7 – La “relazione” di accompagno alla proposta di delibera di iniziativa popolare, che la IX Commissione Commercio è tenuta prima o poi ad approvare, costituisce ad ogni modo un “provvedimento” amministrativo che ai sensi del 1° comma dell’art. 3 della legge n. 241/1990 deve essere sempre e comunque “motivato”: lo stesso comma precisa che “la motivazione deve indicare i presupposti di fatto e le ragioni giuridiche che hanno determinato la decisione dell’amministrazione, in relazione alle risultanze dell’istruttoria”. Le “risultanze dell’istruttoria” debbono scaturire da tutta la documentazione prodotta e non certo dalle sole dichiarazioni fatte attraverso un comunicato stampa dal Presidente della Commissione Commercio, il quale  ha comunque il pieno diritto (anche senza la carica che ricopre, come consigliere comunale membro della Commissione) di esporre e far mettere agli atti la sua personale opinione, che andrà però valutata al pari di altre eventuali opinioni degli altri membri della medesima Commissione, ma tenendo conto soprattutto quanto meno dei seguenti atti:
-    testo depositato della delibera di iniziativa popolare;
-    relazione illustrativa;
-    pareri espressi dai Consigli Municipali;
-    parere espresso dal dott.
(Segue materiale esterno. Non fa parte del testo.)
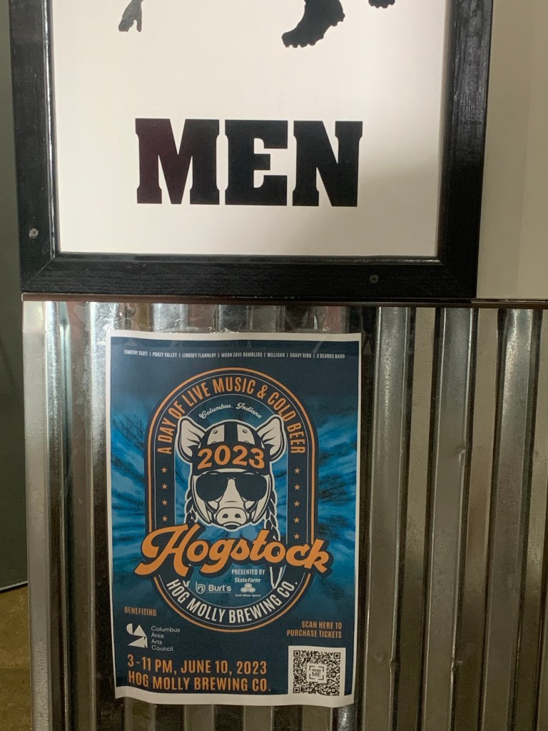 There were just so many people at the event, so I sat at a table inside and listened to the music, and just watched people having a good time. I met a lot of really cool people, and the beer scene is very active in Bartholomew County. It was a diverse crowd, and there was positive energy all over including in the side yard where people were playing a Hog Molly cornhole set. The location in a business complex on Columbus’s Northside is a perfect place for Hogstock, and there was ample parking and lots of room for this excellent party. And when I go next year, I’ll make sure to bring my own chairs!

Francesco Paciello con nota prot. n. 75824 del 19.10.2010;
-    controdeduzioni al suddetto parere trasmesse da VAS con nota del 15.7.2011;
-    considerazioni al suddetto parere trasmesse dal Comitato Promotore il 27.7.2011;
-    documenti consegnati agli atti in occasione della audizione del 12.7.2011.    
In quella che sarà la “relazione” di accompagno, che alla fine verrà approvata dalla IX Commissione Commercio, dovranno essere indicate le ragioni giuridiche (e non certo politiche) che avranno determinato la decisione in un senso anziché nell’altro.  
Appare di tutta evidenza che eventuali ragioni considerate strumentalmente come “giuridiche”, quando magari oggettivamente non lo siano, potrebbero essere facilmente censurate, impugnandone al TAR del Lazio tutti i vizi di legittimità: c’è la stessa possibilità di valido ricorso al TAR del Lazio per una “relazione” che congedi il PRIP prima ancora della proposta di delibera di iniziativa popolare a cui è dichiaratamente subordinata la sua approvazione.

In conclusione si invita e si diffida la IX Commissione Commercio ad approvare il più sollecitamente possibile la dovuta “relazione” di accompagno alla proposta di delibera di iniziativa popolare, prima di esaminare ed esprimere la pronuncia di propria competenza anche sul PRIP, tenendo nella dovuta considerazione tutti gli atti prodotti, fra cui anche le considerazioni trasmesse da VAS.

Ai sensi dell’art. 9 della legge n. 241/1990 “qualunque soggetto, portatore di interessi pubblici o privati, nonché i portatori di interessi diffusi costituiti in associazioni o comitati, cui possa derivare un pregiudizio dal provvedimento, hanno facoltà di intervenire nel procedimento”: si ribadisce pertanto la piena disponibilità ad un confronto per fornire anche tutti gli eventuali ulteriori chiarimenti in particolare sulle controdeduzioni che fossero ritenuti necessari tanto dal Presidente quanto dai membri della Commissione.

Si chiede ad ogni modo di essere informato sulla data e sull’ora in cui si terranno le prossime sedute pubbliche della IX Commissione Commercio sulla proposta di delibera di iniziativa popolare, per consentirmi di potervi comunque assistere.  

Distinti saluti.

                                Dott. Arch. Rodolfo Bosi

Roma, 10 ottobre2011    

Lettera-diffida all'On. Ugo Cassone.doc

2 commenti:

  1. Il lancio del primo Piano Regolatore Impianti Pubblicitari della storia di Roma è una bella notizia solo se con il Piano non si "legalizzerà" lo schifo di oggi, ed il fatto che le stesse aziende del settore abbiano partecipato alla stesura del Piano mi preoccupa parecchio. La situazione è peggiorata di anno in anno e se non viene sanata, sarebbe una grande sconfitta per la gente civile che abita in questa città. Bisogna vigilare su cosa uscirà con questo piano.

    RispondiElimina
  2. Vogliamo l'arch. Bosi sindaco di Roma !!